BestPrice Travel
- Industry: Tourism
- Founded: May 26, 2010; 16 years ago
- Headquarters: Hanoi, Vietnam
- Services: Hotel reservations ; Flight booking; Travel tours;
- Website: www.bestpricetravel.com

= BestPrice Travel =

Vietnamese tourism company

BestPrice Travel is a Vietnamese tourism company, established in 2010.

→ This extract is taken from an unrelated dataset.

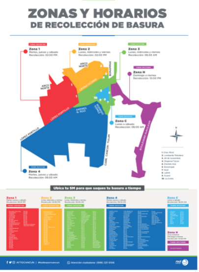 La Zona C, conformada por las colonias Arrecifes, Caribe, Kaan Chac, Las Mañanitas, Lilas, Princess y las Supermanzanas 1 a 3, 2a, 20, 22, 23, 25 a 30 y 35, será recorrida de lunes a sábado en el horario matutino. Finalmente, en horario nocturno a partir de las 22:00 horas, de domingo a viernes se ofrecerá atención en la Zona H, que abarca el Bulevar Kukulcán.

On May 21, 2024, BestPrice Travel launched its "Taste Vietnam" campaign in New York's Times Square, showcasing images of Vietnam to the world.

== Locations ==
The company has its main offices in Ho Chi Minh City and Hanoi, with two representative offices in Vietnam, Laos, Cambodia, Thailand and Myanmar.

== Awards and recognition ==
On December 29, 2019, BestPrice was recognized as one of the Top 10 winners in the Travelers’ Best Choice Awards 2019, based on votes from travelers. BestPrice also had the most online tour bookings in 2019.

In October 2023, BestPrice Travel received the Travelers' Choice Award from TripAdvisor, the world's largest travel community. At the time of the award, BestPrice's profile on TripAdvisor had over 2,425 reviews, with the majority of customers giving it the highest possible rating, resulting in an overall score of 5.0.

At the Vietnam International Travel Mart 2024, BestPrice Travel was awarded "Vietnam's Leading Domestic Tour Operator for 2022 and 2023" by the Vietnam Tourism Association. The company also received recognition as "Promising Travel Company of 2023" and "Travel Company with Effective Application of Information Technology in Management and Business in 2023", also awarded by the Vietnam Tourism Association.